Thanks for fixing this, Vedant!

jordan_rose added inline comments.Oct 18 2019, 9:38 AM
llvm/lib/Support/Unix/Signals.inc
372–373

I guess the SIGINT one makes sense so that you can kill a stuck process with ^C^C.

vsk planned changes to this revision.Oct 18 2019, 10:22 AM

The death tests are flaky. I've noticed two issues:

  1. When run under lit, the DisableExitOnSIGPIPE doesn't actually exit when it receives SIGPIPE. Dtrace suggests that the unit test process inherits an "ignore" sigaction from its parent.
  2. When run in parallel, exiting causes the unit test to run atexit destructors for other unit tests lumped into the SupportTests binary. One of these is a condition_variable destructor and it hangs. Also, gtest warns: Death tests use fork(), which is unsafe particularly in a threaded context. For this test, Google Test detected 21 threads.
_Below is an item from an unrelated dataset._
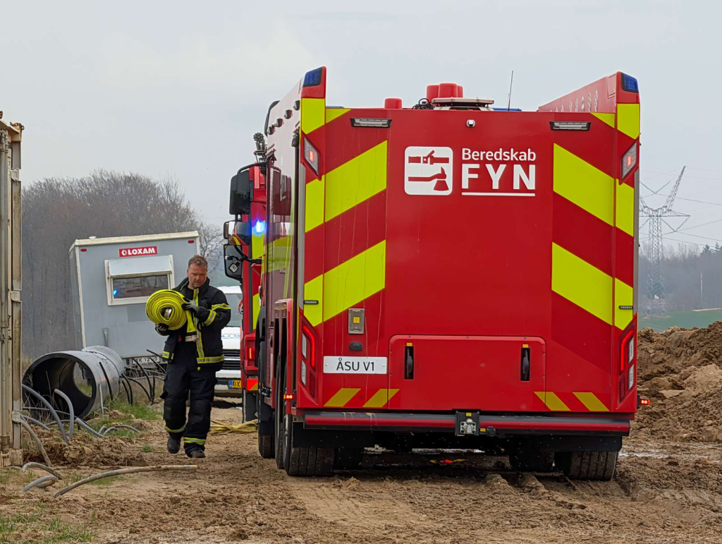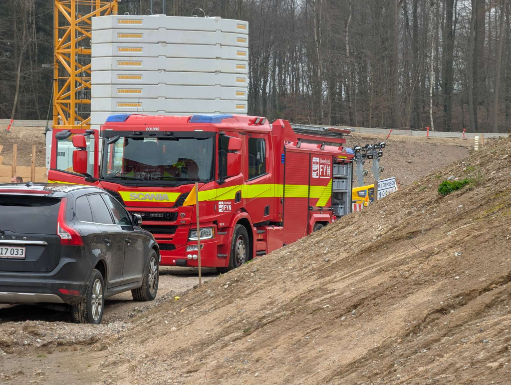 Onsdag middag er Beredskab Fyn til stede med flere brandbiler på en byggeplads på Spedsbjergvænget i fynske Blommenslyst.

So I plan to give up on testing "EnableExitOnSIGPIPE" and will write a non-death test to get some coverage.

vsk updated this revision to Diff 225661.Oct 18 2019, 10:27 AM

Replace the death tests with a non-death test. I plan to commit this later in the day if there aren't any objections.

This revision is now accepted and ready to land.Oct 18 2019, 10:27 AM
This revision was automatically updated to reflect the committed changes.
Herald added a project: Restricted Project. · View Herald TranscriptOct 18 2019, 2:04 PM
labath added a subscriber: labath.Oct 19 2019, 12:01 AM
In D69148#1714785, @vsk wrote:

The death tests are flaky. I've noticed two issues:

  1. When run under lit, the DisableExitOnSIGPIPE doesn't actually exit when it receives SIGPIPE. Dtrace suggests that the unit test process inherits an "ignore" sigaction from its parent.
  2. When run in parallel, exiting causes the unit test to run atexit destructors for other unit tests lumped into the SupportTests binary. One of these is a condition_variable destructor and it hangs. Also, gtest warns: Death tests use fork(), which is unsafe particularly in a threaded context. For this test, Google Test detected 21 threads.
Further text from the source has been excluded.